Here are a few high-protein sources:
(Of note, individuals with kidney disease, wounds, or other chronic conditions may have specific protein needs. Consult with your doctor or a registered dietitian regarding your unique dietary needs.)
While you can benefit from healthy choices to prevent excessive weight gain, dramatic weight loss should not be a goal during this stage in life either. Instead, focus on your protein intake and weekly physical activity to help preserve your lean muscle mass.
Constipation is a common problem after age 60, likely due to a combination of a decreased appetite, lower fluid intake, and inactivity. Stay regular by making sure to include plenty of fiber in your diet. Fiber may help provide bulk to aid the passage of food and waste products through your gut.
Many fruits, vegetables, and whole grains are fibrous. The World Health Organization recommends five servings of fruits and vegetables daily, and it has found that increasing your fruit and vegetable intake by 1 to 2 servings daily may lower your risk of heart disease by 30 percent.
An added perk is that the antioxidants found in these fruits and veggies may not only help keep your digestion more regular, but they may also help counteract free radicals, the culprits behind cellular death and aging.
As we age, we may begin to crave more salt and sugar. This phenomenon is likely caused by an age-related decline in both taste buds as well as sense of smell. You may want to add salt or seek sweet foods in an attempt to enhance flavor.

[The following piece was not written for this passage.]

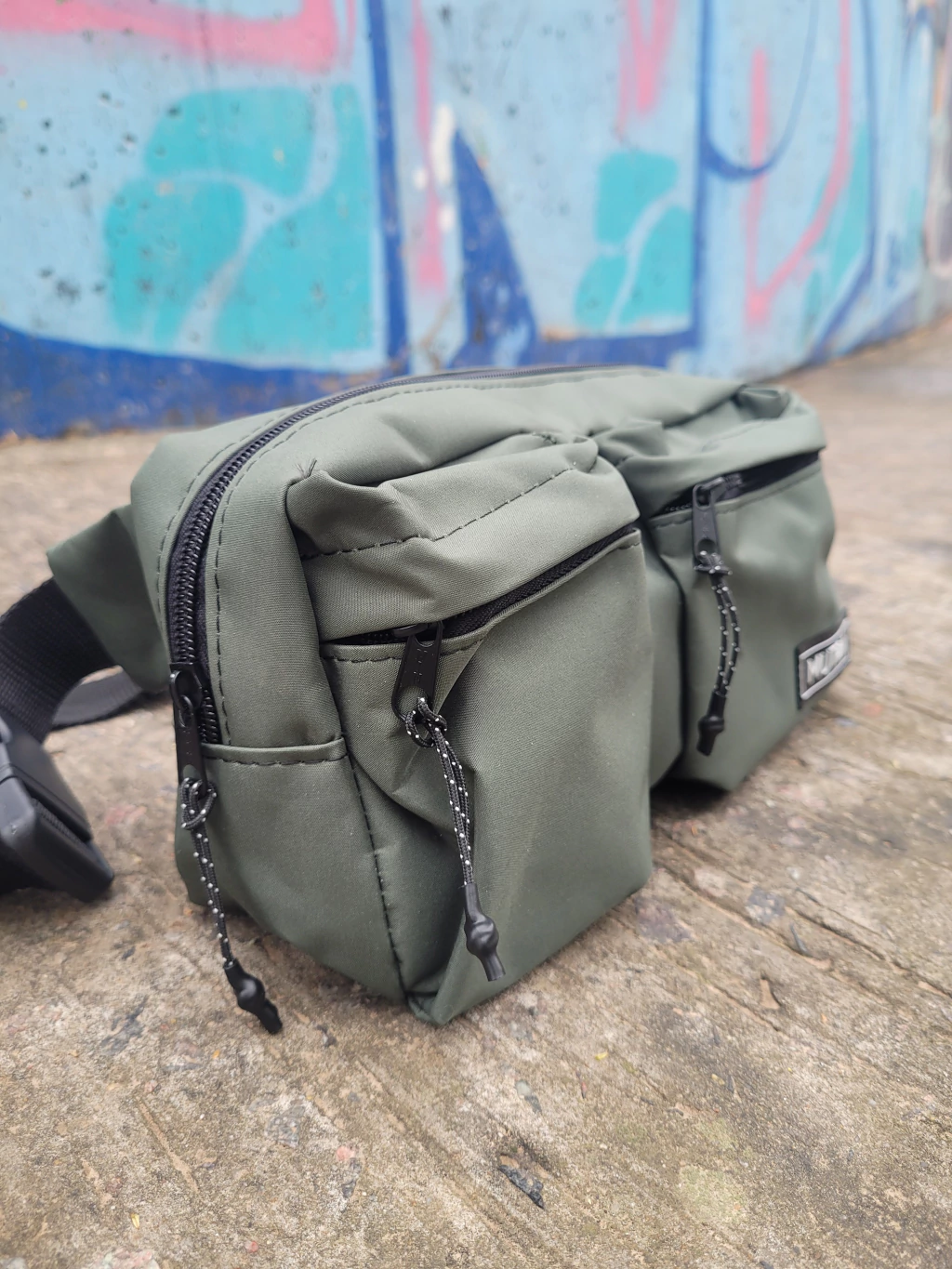 Riñonera con CORREA REGULABLE y hebillas de plastico, confeccionada en MICROFIBRA VERDE con FORRADO INTERNO, lo que la convierte en un producto súper duradero y de máxima calidad.

The tendency to over salt and over sweeten food can have negative health effects. Extra salt may increase blood pressure and fluid retention, and too much sugar can result in Type II Diabetes due to impaired blood sugar regulation in older adults.
Instead, try salt-free seasonings. The grocery store spice section stocks myriad seasoning options, some of which are very good. Try a salt-free lemon-pepper seasoning for poultry, fish, and vegetables, or a Cajun or savory seasoning for eggs, red meats, and potatoes. Fresh lemon juice and herbs also add great flavor to meats, fish, and vegetables alike.
When it comes to sugar, aim to keep sugar out of your fluids. Sweeten coffee or other hot beverages with a calorie-free natural sweetener such as stevia, and focus on non-sugary beverages, avoiding excessive juice, soda, or sweet tea consumption.
As we age, we may also experience a decreased ability to digest vitamins and minerals, which may lead to a higher risk of deficiency. Two vitamins to pay attention to are vitamin B12 and vitamin D.
Be sure to periodically check with your physician to determine if your vitamin B12 and vitamin D levels are within normal range. If not, your doctor may prescribe a supplement.
Whether you’re caring for yourself or someone else, these tips can help you create a roadmap as you prepare for the future. Whether you’re in your 20s or 60s, it’s never too early or too late to start taking steps to ensure that you are able to live as the best version of yourself, healthy and vibrant, long into the future!
*Editor’s note: The information in this article is intended for your educational use only; it does not necessarily reflect the opinions of the Chopra Center's Mind-Body Medical Group, and it is not a substitute for professional medical advice, diagnosis, or treatment. Always seek the advice of your physician or other qualified health providers with any questions you may have regarding a medical condition and before undertaking any diet, supplement, fitness, or other health program.